Soffermiamoci un attimo però su questa caratteristica: ripetendo tante volte un elemento, si memorizza con facilità. Pensiamo a “vuolsi così colà dove si puote ciò che si vuole, e più non dimandare”. In classe, alle superiori, ero l’unico a conoscere questa formula, compresa qualche implicazione non scontata. Marcello Toninelli la sfrutta per gli effetti comici di incomprensione, ma Dante stesso la usa più volte. E l’intento è a sua volta parte del gioco sarcastico del colto Virgilio che agisce per volontà dei Cieli, e può così “blastare” – dalla Treccani: “attaccare e zittire l’interlocutore dall’alto di una presunta superiorità intellettuale e morale” – gli avventori infernali.

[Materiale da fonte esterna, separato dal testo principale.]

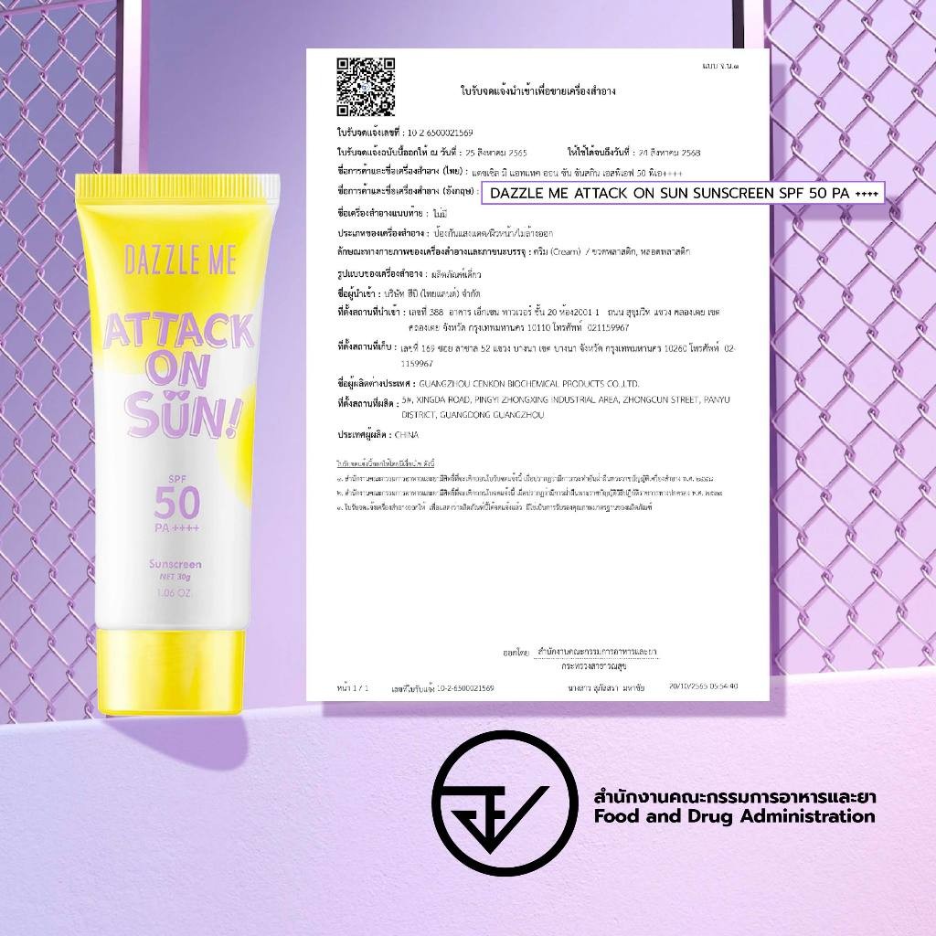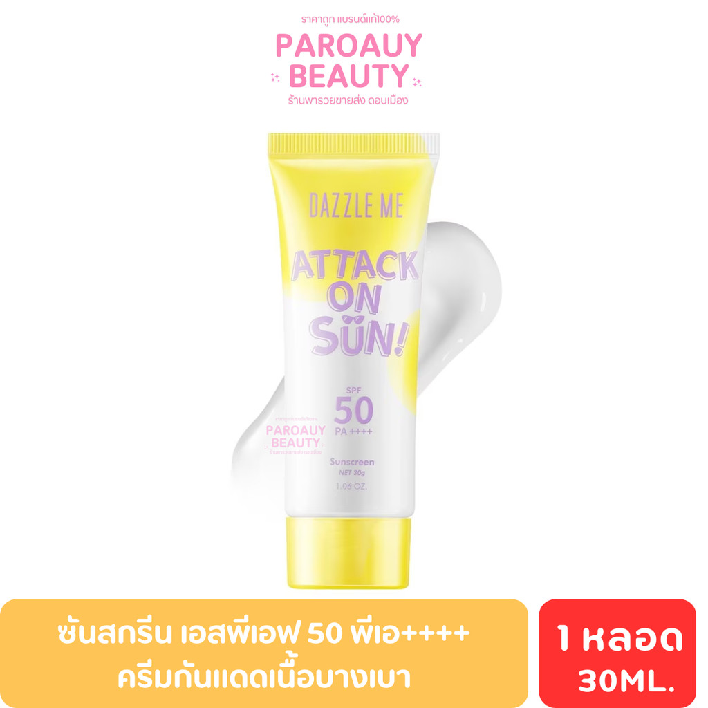 ครีมกันแดดเนื้อบางเบา DAZZLE ME Attack on Sun! Sunscreen SPF 50 PA++++ เนื้อบางเบา ซึมซาบเร็ว

La Divina Commedia di Marcello nasce nel 1969, ai suoi diciannove anni, fresco di studi. Nel corso della lettura sembra di tornare in aula, col compagno di banco che sghignazza e trascina mezza classe nel vortice delle risate.
La comicità di Toninelli è trascinante, perché alterna battute facili (come il sordo Sordello) a situazioni colte, passando in rassegna tutto il poema, canto dopo canto. Laddove è complicato trasporre fedelmente i passi, riesce a reinventare le situazioni rispettando comunque i contenuti, e appare evidente nel Paradiso. Si aggiunge una buona dose di citazionismo pop, che non fa mai male.

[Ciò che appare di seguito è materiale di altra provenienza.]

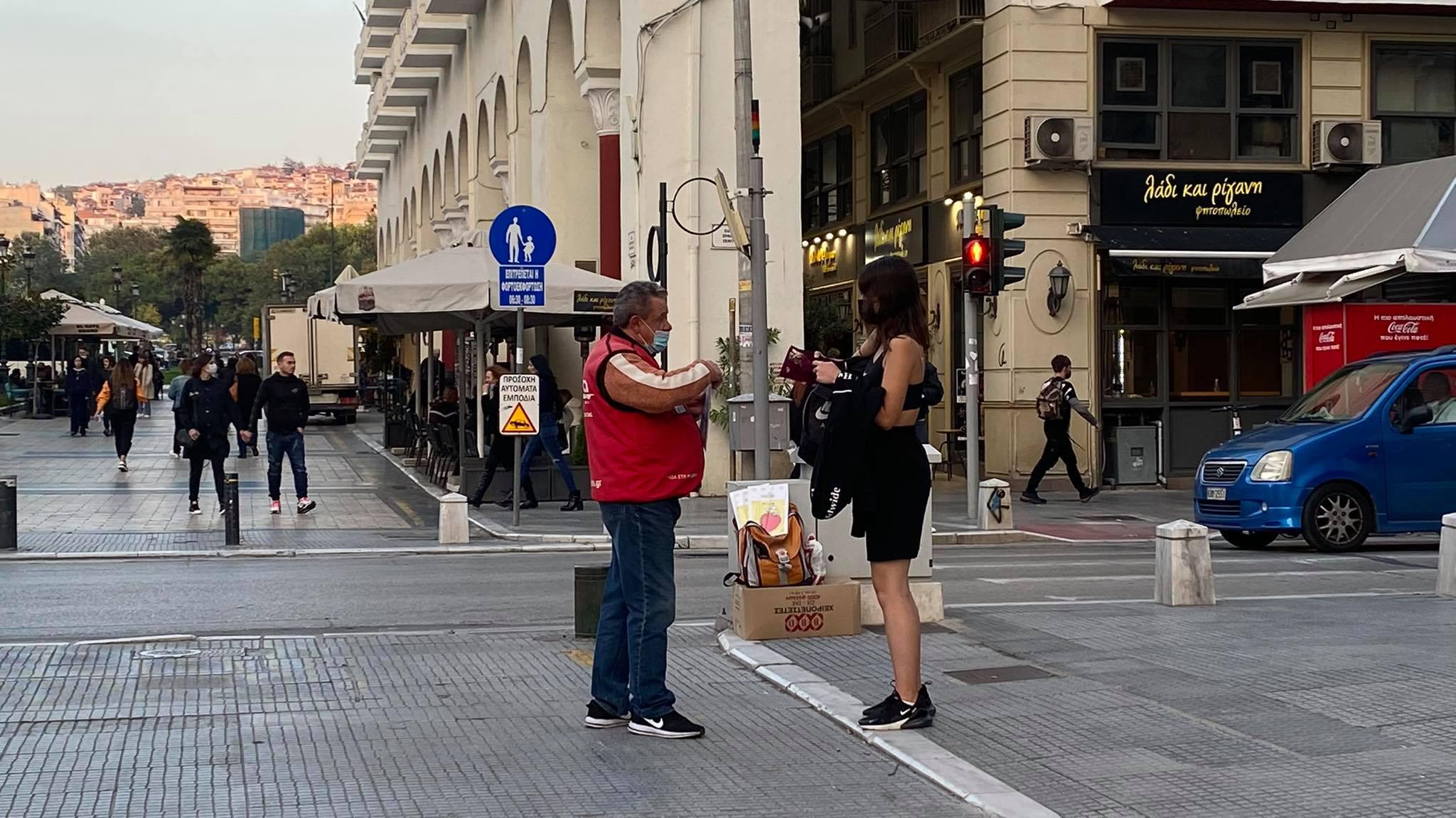 Φορούσε κόκκινο γιλέκο, της Σχεδίας, ηρωικό, και καθόταν σιωπηλός με την μάσκα του στην πλατεία Αριστοτέλους. Κανείς δεν του έδινε σημασία, κάποιοι του χαμογελούσαν, άλλοι τον αγνοούσαν, μέχρι που βρέθηκε μία κοπέλα γύρω στα 15. Τον πλησίασε, και τον ρώτησε τι ακριβώς κάνει, εκείνος με τα γελαστά του μάτια της εξήγησε την ιστορία της σχεδίας, εκείνη δεν όμως δεν γνώριζε τίποτε, άνοιξε την τσάντα της να βγάλει το πορτοφόλι της. Εκείνος, την ευχαρίστησε χίλιες φορές, η μικρή του είπε ”εγώ σας ευχαριστώ μου φτιάξατε την ημέρα.” Προβληματισμένη φαινόταν και μ’ένα μικρό παράπονο του είπε ”που να το βάλω όμως το περιοδικό δεν χωράει στο σακίδιο μου”, εκείνος την ρώτησε αν χρειάζεται βοήθεια, ανοίξανε μαζί την τσάντα και τοποθέτησαν την Σχεδία προσεκτικά για να μην τσαλακωθεί. Το κορίτσι φεύγοντας του είπε ”ελπίζω να σας ξαναδώ.” Κι εκείνος κούνησε συγκινημένος το χέρι.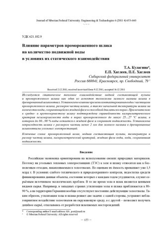 Библиографическое описание: Кулагина, Т. А. Влияние параметров промороженного шлака на количество подвижной воды в условиях их статического взаимодействия = Impact of Freezing Slag Parameters on Mobile Water Quantity with Their Static Interaction / Т. А. Кулагина, Е. П. Хаглеев, П. Е. Хаглеев. - Текст : непосредственный // Журнал Сибирского федерального университета. Техника и технологии. - 2011. - Т. 4, № 6. - С. 653-660. - Библиогр. в конце ст. - ISSN 1999-494X.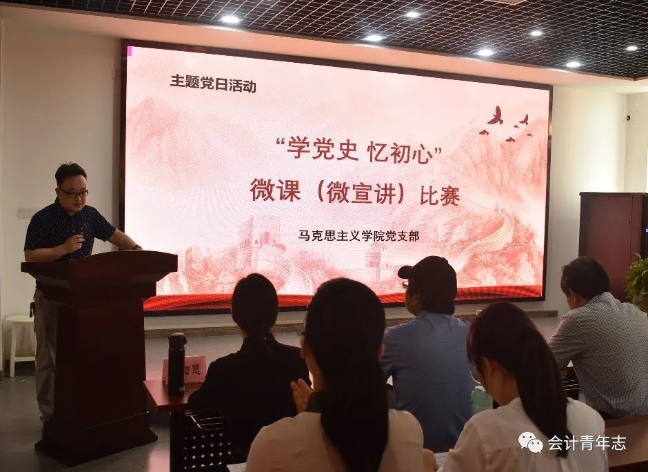 本次主题党日活动主要是由马克思主义学院的9位老师进行党史宣讲,学校党委周忠新书记等五人担任评委,会计学院党支部和机关一、四支部参与观摩学习讨论。首先由肖彬同志讲到:“党历来重视党史学习教育,用党的实践创造和历史经验启迪智慧、砥砺品格。站在喜迎中国共产党百年华诞的重大时刻,开展党史学习教育,必须不断围绕重点内容、聚焦核心要义,切实提高学习教育成效”。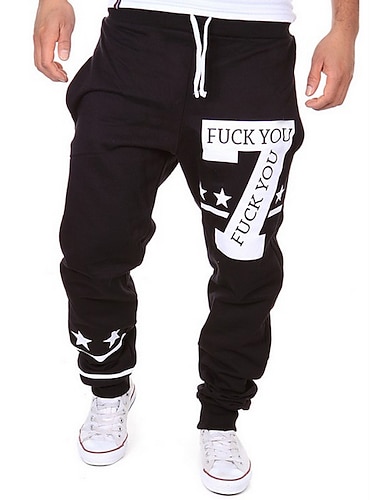 Herr Aktiv Joggingbyxor Joggare Långbyxor Mönster Bokstav Fullängd Helgen Grundläggande Lös passning Svart Vit Microelastisk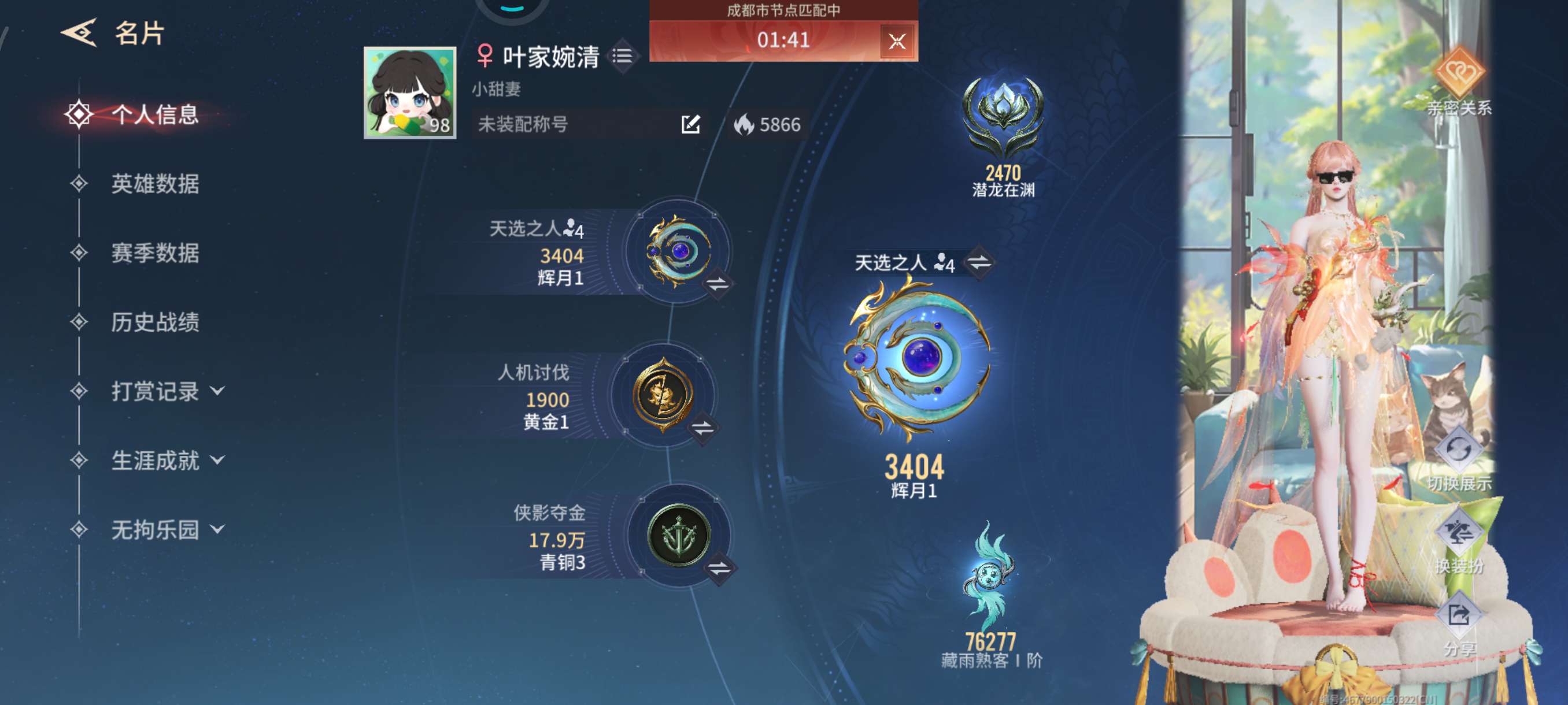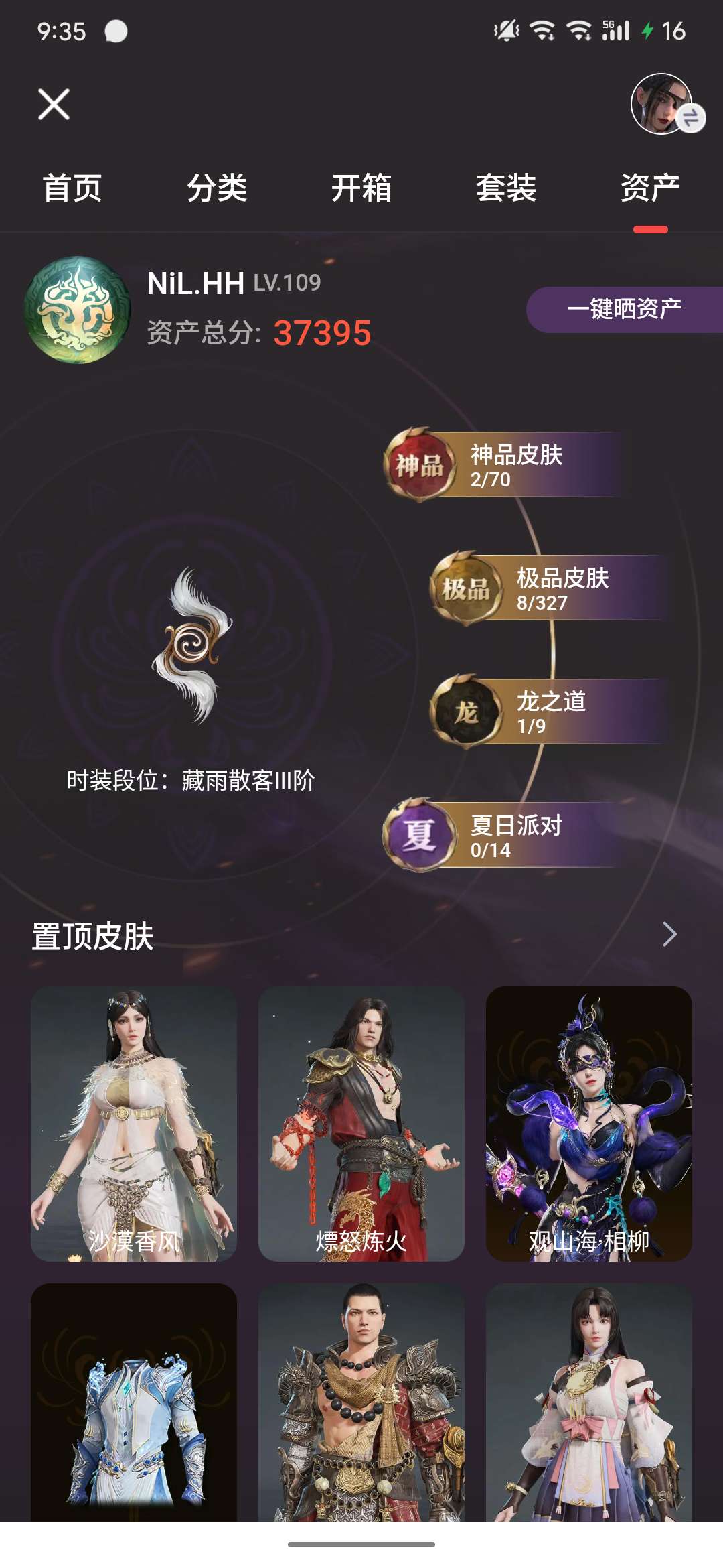 退游不玩了,急出 6红378金, 总收藏值149451, 等级226, 段位耀日5 3565

Purtroppo c’è il rischio di trovare anche parti meno comprensibili proprio per questo motivo: già nella prima pagina c’è una citazione a Jena Plissken, che ho colto immediatamente. 1997: fuga da New York, però, è nella mia top ten personale dei film preferiti, quindi per me era facile. Sfortunatamente John Carpenter passa poco in tv, per cui non so quanti lettori possano comprendere la battuta sull’immediato. Ciò riconferma però che Toninelli sarebbe stato il mio compagno di banco ideale.

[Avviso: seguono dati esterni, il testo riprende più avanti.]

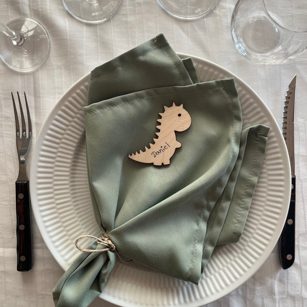 Bordkort formet som en dinosaur - T-Rex. Vores bordkort med dinotema passer perfekt til barnedåben, konfirmationen eller fødselsdagen.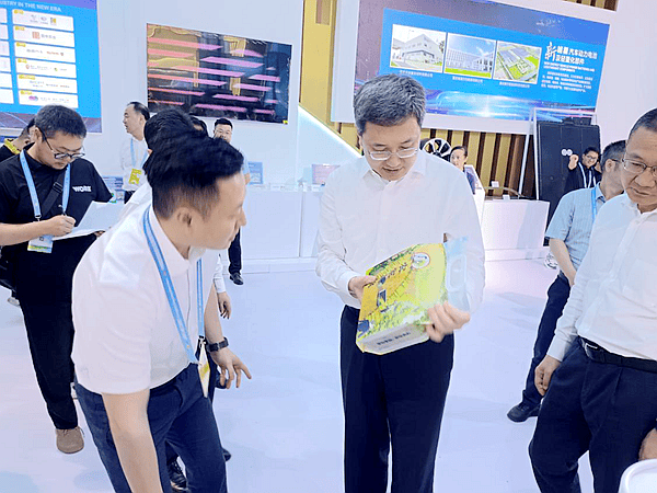 涪陵区委书记王志杰(中),区人民政府区长刘忠(右)亲临展位了解公司新品开发及营销情况,区委书记鼓励公司继续坚持“科创+绿色+”的发展理念,为助力涪陵区乡村振兴,农产品加工业的高质量发展做出新贡献。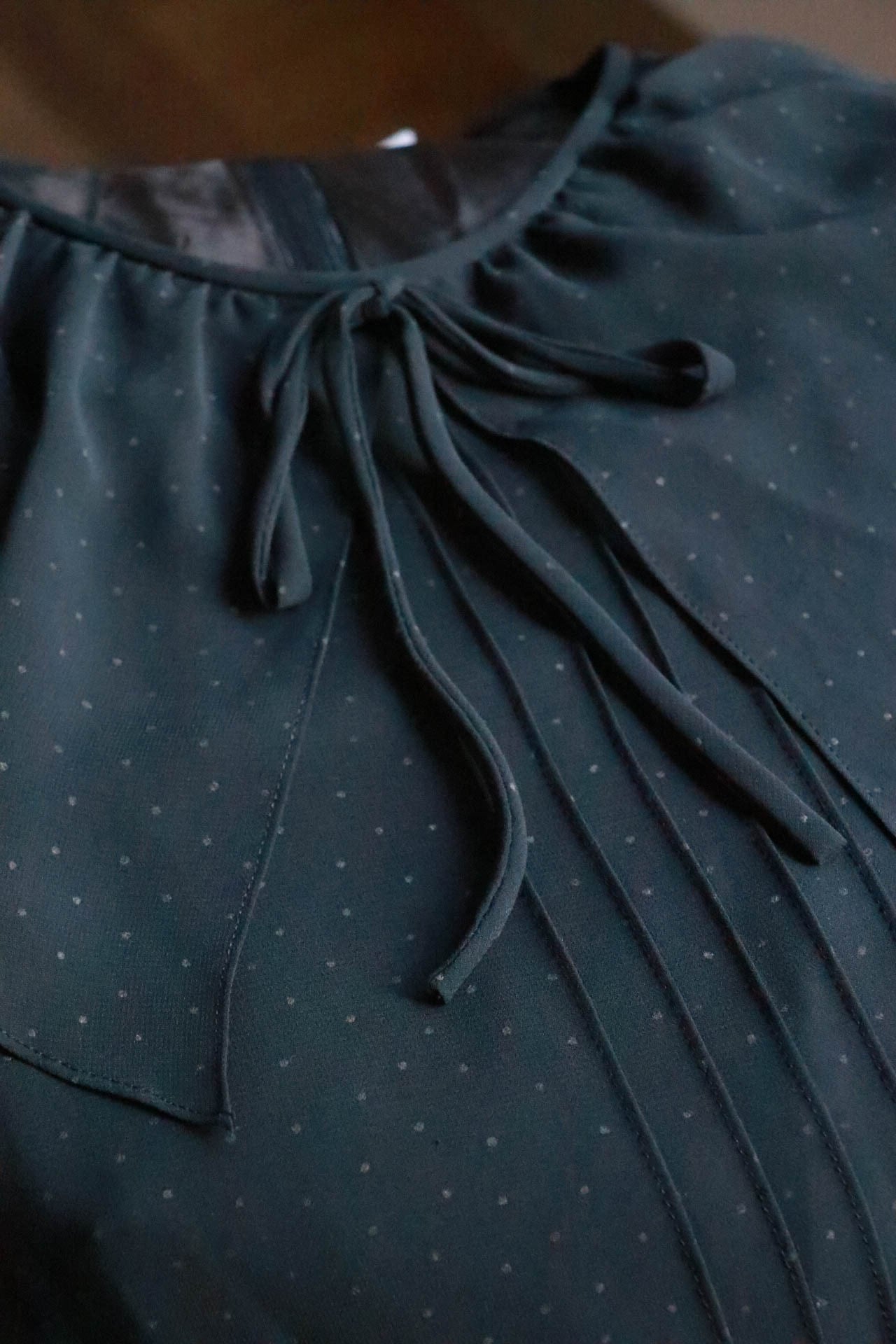 首元のディテールが女性らしく、袖部分はシアーな素材で軽やかな気品をプラス。

In parte, a sua insaputa, lo è stato. Ho studiato con lui anche l’Iliade e l’Odissea, anche loro riunite finalmente in volume; e qualche tempo fa ho recuperato persino i suoi Promessi sposi, che hanno fatto ciò che nessun professore è riuscito a fare in quindici anni: riaccendere la voglia di rivalutare l’opera manzoniana dopo i disastrosi trascorsi scolastici. E poi ci sono ancora insegnanti che lottano contro i fumetti…
L’ultima parte del volume Shockdom ospita la vita di Dante, anch’essa esilarante, forse ancor di più, ma credo dipenda dal fatto che molte delle gag della Commedia di Marcello le ricordavo a memoria. Le battute sui guelfi bianchi e neri sono esplosive, di quelle che obbligano alla pausa nel corso della lettura, perché non si smette di ridere.
Sono citate tutte le opere, dal De vulgari eloquentia al Monarchia, fino addirittura alla Questio de situ et forma aque et terre. Ovviamente la Vita nova occupa una porzione importante del testo, vista la natura estremamente biografica. Indirettamente (Toninelli inserisce anche le sue fonti) c’è la rappresentazione grafica di una parte del Trattatello di Boccaccio, preso però dal Petrocchi e dai commenti di Dossena.
A breve uscirà una riedizione del fumetto in formato cartonato di pregio, ma soprattutto siamo incuriositi dal Dante 2.0 – Ritorno all’inferno. Visti i lavori precedenti, questo potrebbe essere il miglior omaggio dantesco del settecentesimo anniversario.